Tomorrow, I start my oral cancer medications, and I’ve got to say there’s a bit of anxiety attached to this. It turns out my monthly injection isn’t that that bad. The big needle isn’t very painful and it’s quick. I put either ice or numbing cream on the area first so that helps. There’s one other injection I get every six months I believe and then the two oral pills I start tomorrow. I was also worried that I’d have to go off of one of my bipolar medications but it turns out all we need to do is adjust the dose so the plasma level is consistent on the new med, which hopefully goes smoothly once I get into the swing of things. I have a big feeling of loss with starting these new meds for some reason. Perhaps it is the unknowns of how they will make me feel. Maybe it’s the uncertainty of how long I’ll have to take them exactly (I know 3 years at least) and then what follows from there? Then there’s the fact that taking them makes me feel like a cancer patient all over again when all I want to do is put this behind me and move on with my new post-cancer life. I’m feeling pretty good right now and don’t want to disrupt how I’m physically feeling these days. I am hoping my new exercise and nutrition regime will help soothe any bad side effects I may have from it. I will let you know how it goes.
I think that about catches you up! I didn’t take that many pictures this summer unfortunately but here are a couple!

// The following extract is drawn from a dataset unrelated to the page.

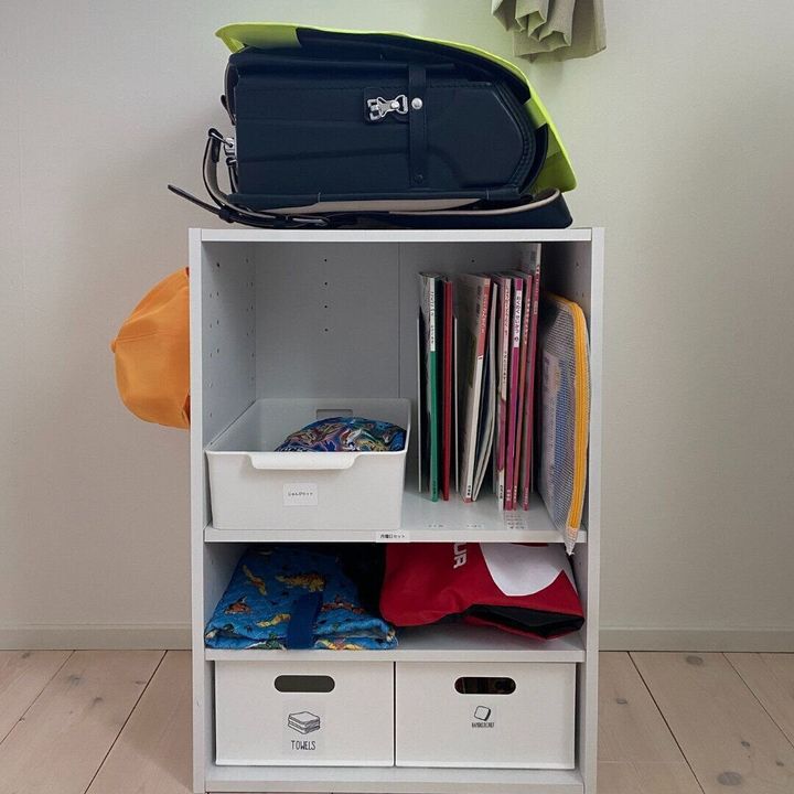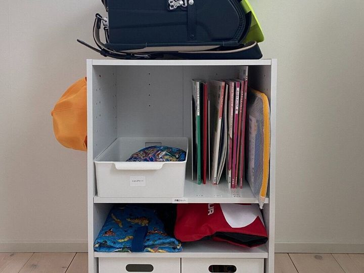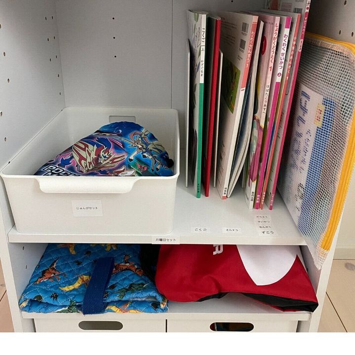 毎週末持ち帰る体操服や上履き、歯磨きセットなど、平日は家にないものの場所も事前に場所を決めて確保しておきましょう。我が家は、「月曜日セット」として教科書の下の段にスペースを確保しています。確保していないと、洗濯後置き場所がなくて机や床に転がったままになったりすることも。スペースを確保しておくだけで、洗濯後そこにしまっておくと見た目にもすっきりしますし、忘れ物防止にもなりますよ。

The good news – I survived my surgery! Overall, it was a positive experience. The surgery center was great and the staff put me at ease. I was scared but not as terrified as I was for my chemo port placement even though this was a larger procedure. They managed to perform the oncoplastic lumpectomy, a sentinel node biopsy where they removed 4 lymph nodes, and even removed my chemo port. The only slightly embarrassing thing I remember was asking them before I went to sleep if they wanted me to sing them a little song. I remember them saying, “Awwww! Let’s hear it!” I don’t know if I actually sang the entire thing or not before I fell asleep.
Next thing I knew I was being wheeled out to the recovery room telling all of them in a rather drunk fashion that they had done an amazing job. They were laughing and told me that the surgery went great and all 4 lymph nodes came back negative. I went home about 1.5hrs later with a pesky surgical drain attached to me, but overall felt pretty good. I had a lot of pain from the lymph node removal for about a week and a half but it slowly seems to be getting better and is much improved now.
Now for the harder news. Thursday, I had three different doctor appointments. The first was with my oncologist to go over the pathology report. The great news is that all the margins came back clear from my surgery and the data back on the cancer was reassuring this time. Chemo had worked its magic and it had gone from being 2 large and aggressive tumors all the way down to one 4mm spot of cells that had lost their mojo for spreading viciously.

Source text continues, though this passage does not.